リンパ浮腫は、予防と早期発見が大切です。リンパ浮腫が起こる可能性が考えられる場合、できるだけ浮腫が起こりにくいように注意しながら生活していきましょう。ただし、仕事や家事などいろいろな状況から予防的なことが十分できない場合があります。その場合でも、早期に発見して対処していくことが大切です。
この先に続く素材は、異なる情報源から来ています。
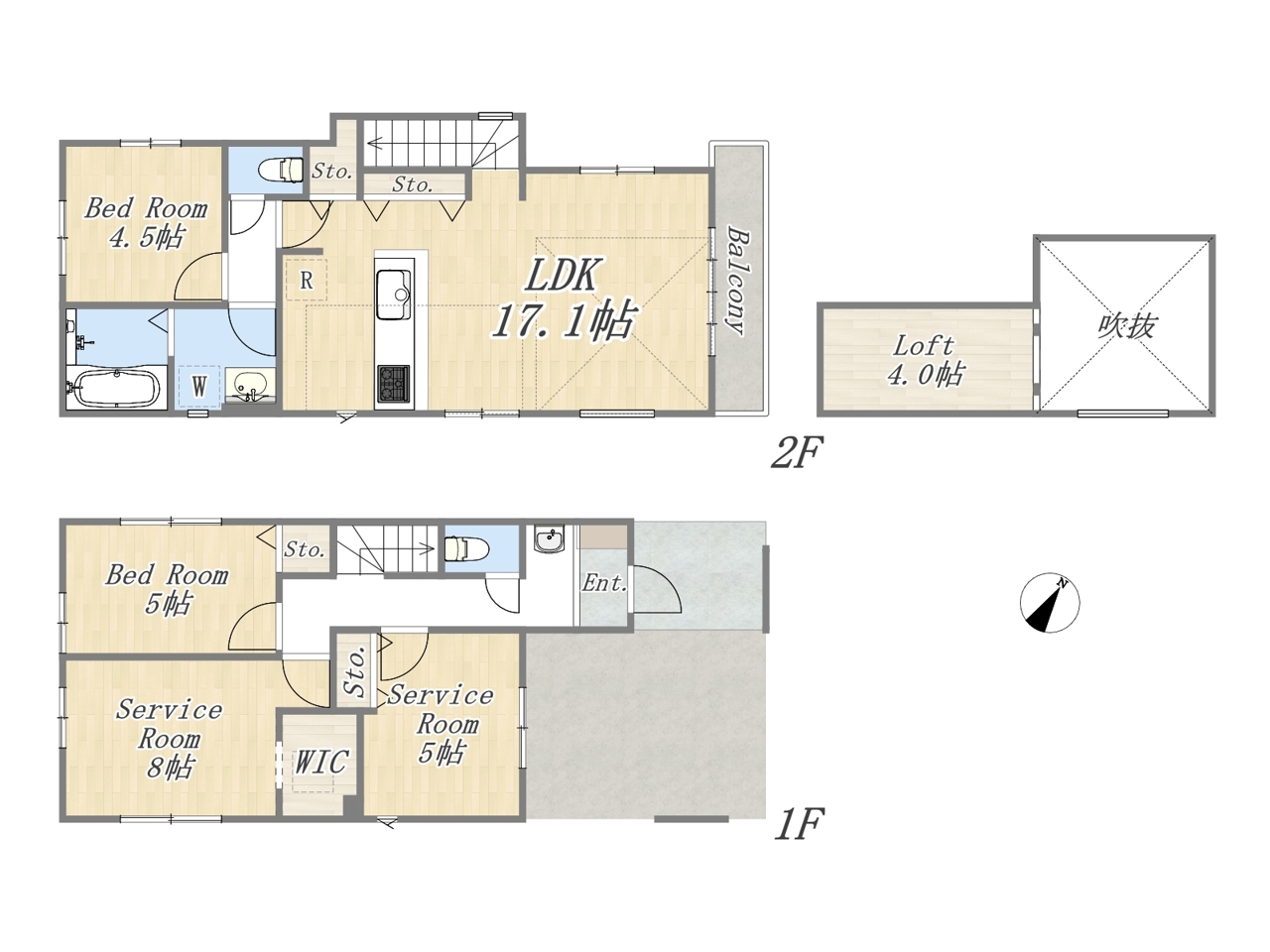| 間取 | 2LDK+2S+ロフト+ビルトインガレージ (LDK17.16帖、洋室5帖、洋室4.5帖、S8帖、S5帖) | ||

日常生活のなかでも、以下のような点に気をつけましょう。
◎ 怪我や虫さされなどによる感染を避ける
患肢(乳がんの場合、乳がんの手術・腋窩リンパ節を切除した側の腕)は、リンパの流れが低下しているため、感染や炎症を起こしやすくなっています。土いじりなどのときは、手袋をしたり長袖を着用するようにしましょう。また、万が一、虫にさされたときには、ひっかいたりして皮膚に傷をつけないようにかゆみ止めの薬を塗るなどしましょう。また、日焼けの炎症でむくみが悪くなることがありますので、日焼け止め対策を心がけましょう。
◎ スキンケア
肌の乾燥や角化を防ぎ、皮膚の保湿を心がけましょう。保湿クリームは、香料なども刺激物が少ないものを選びましょう。
◎ 重いモノをできるだけ持たない
手術したほうの腕で重いモノはなるべく持たないようにして、やむを得ず持つ必要があるときには、小分けして持つようにしましょう。また、買い物などはショッピングカートを利用するなどしましょう。赤ちゃんや小さなお子さんを抱く場合には、膝やクッションなどを利用し、赤ちゃんなどの体重を分散するように心がけましょう。
◎ パソコン使用時の注意
乳がんで利き腕の腋窩リンパ節を切除した場合で、仕事等でパソコンをよく使う必要がある方は、肘を長時間圧迫することで、わきにリンパがもどっていくのを阻害しやすいので、肘枕(リストレスト)を使って手の重さを分散させたり、途中で手を休め肘の屈伸運動をするなどしましょう。
◎ 衣類について
下着などは、できるだけ締め付けないゆったりしたものを選びましょう。